Духовные упражнения и античная философия - [15]

Шрифт
Интервал

Итак, философ живет в промежуточном состоянии: он не мудр, но он и не немудр. Он постоянно разрывается в жизнь нефилософскую и философскую, меж сферой обычного, повседневного, и сферой сознания и ясности разума 160). В той самой мере, в какой философская жизнь является практикой духовных упражнений, она представляет собой побег из повседневной жизни: она есть обращение, полная перемена видения, стиля жизни, поведения. У киников, самых истовых приверженцев ас- кезиса, такое обязательство оборачивалось полным разрывом с невежественным миром, аналогичным с монастырским затвором в христианстве; этот разрыв выражался в образе жизни и даже манере одеваться, совершенно чуждой нормальным людям. Вот почему иногда говорили, что кинизм был не философией в собственном смысле слова, а состоянием жизни (enstasis) 161). В действительности же, хотя и более умеренно, нежели киническая, всякая философская школа вовлекала своих последователей в иное состояние жизни. Практика духовных упражнений подразумевала полный переворот общепринятых ценностей; приверженцы отказывались от ложных ценностей — богатства, почестей, удовольствий, чтобы обратиться к настоящим ценностям — добродетели, созерцанию, простоте жизни, простому счастью существования. Такое радикальное противопоставление, разумеется, объясняло реакцию не-философов: от насмешек, следы которых мы можем найти у комедиографов, до открыто изъявляемой враждебности, которая могла привести к принудительной смерти Сократа.

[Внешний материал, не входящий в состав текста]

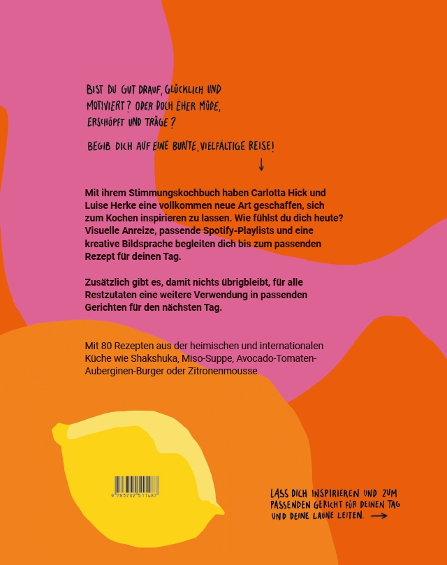 Zu einem gelungenen Gericht gehört nicht nur der gute Geschmack, sondern auch die passende Stimmung, die uns zu den Gerichten inspiriert. Denn jeder Tag ist geprägt von unterschiedlichen Eindrücken, Emotionen und Befindlichkeiten. Carlotta Hick und Luise Herke haben mit ihrem Stimmungskochbuch eine vollkommen neue Art geschaffen, sich zum Kochen inspirieren zu lassen. Visuelle Anreize, passende Spotify-Playlists und eine kreative Bildsprache begleiten dich bis zum passenden Rezept für deinen Tag.
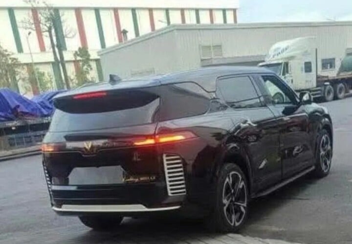 Đuôi xe phía sau cũng được trang bị khe gió thiết kế giống mặt trước. Các chi tiết còn lại như đèn hậu LED kéo dài, bộ mâm, thiết kế kính hông gần như không thay đổi so với VinFast VF 9, ngoại trừ cản sau được tinh chỉnh và logo chữ V giữa cửa cốp cùng dòng chữ tên xe được sơn vàng kim.
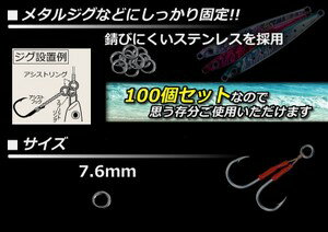 ★送料無料(メール便にて発送致します) (郵便ポストへの投函となります。到着日や時間指定は出来ません) メタルジグなどにしっかり固定!! 錆びにくいステンレスを採用しているので安心♪ 100個セットなので 思う存分ご使用いただけます!! サイズMサイズ7.6mm 素材ステンレス 製造中国 ※仕様・デザイン等は予告なく変更することがございます。【送料無料】メール便での発送予定となります
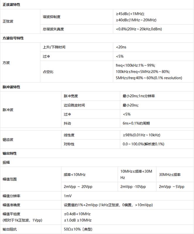仪器配备的3.5英寸480×320 TFT LCD显示屏带来出色的视觉体验,图形化界面设计直观清晰,波形预览和参数显示一目了然。在波形特性方面,正弦波谐波抑制度在1MHz以下优于45dBc,在1MHz至20MHz范围内仍保持40dBc以上;方波上升/下降时间小于20ns,过冲控制在5%以内;脉冲波最小脉宽达20ns,分辨率1ns;锯齿波线性度在0.01Hz至10kHz范围内不低于98%。这些的参数指标确保了输出波形的高度保真。

Нужно хорошо представлять себе глубину и размах того переворота, который могло произвести в человеке вырывание его из привычек, общественных предрассудков, полное изменение его образа жизни, радикальная метаморфоза его видения мира, новая космическая и физическая перспектива, которая могла казаться фантастической и бессмысленной грубому повседневному здравому смыслу. Невозможно было удерживать себя постоянно на таких вершинах. Такая конверсия должна была беспрестанно завоевываться снова и снова. Вероятно, по причине этих трудностей философ Саллюстий, о котором говорится в Житии Исидора у Дамаскина, заявлял, что философствовать для людей невозможно 1б2). Он, вероятно, хотел тем самым сказать, что философы неспособны оставаться по-настоящему философами в каждое мгновение своей жизни, но, называя себя так, все вновь и вновь предавались привычкам повседневности. Скептики, впрочем, открыто отказывались жить по-философски, они намеренно выбирали «жизнь как у всех» 163) (но после достаточно глубоких философских преобразований, так что вряд ли можно предполагать, что их «повседневная жизнь» была такой «повседневной», как они это утверждали).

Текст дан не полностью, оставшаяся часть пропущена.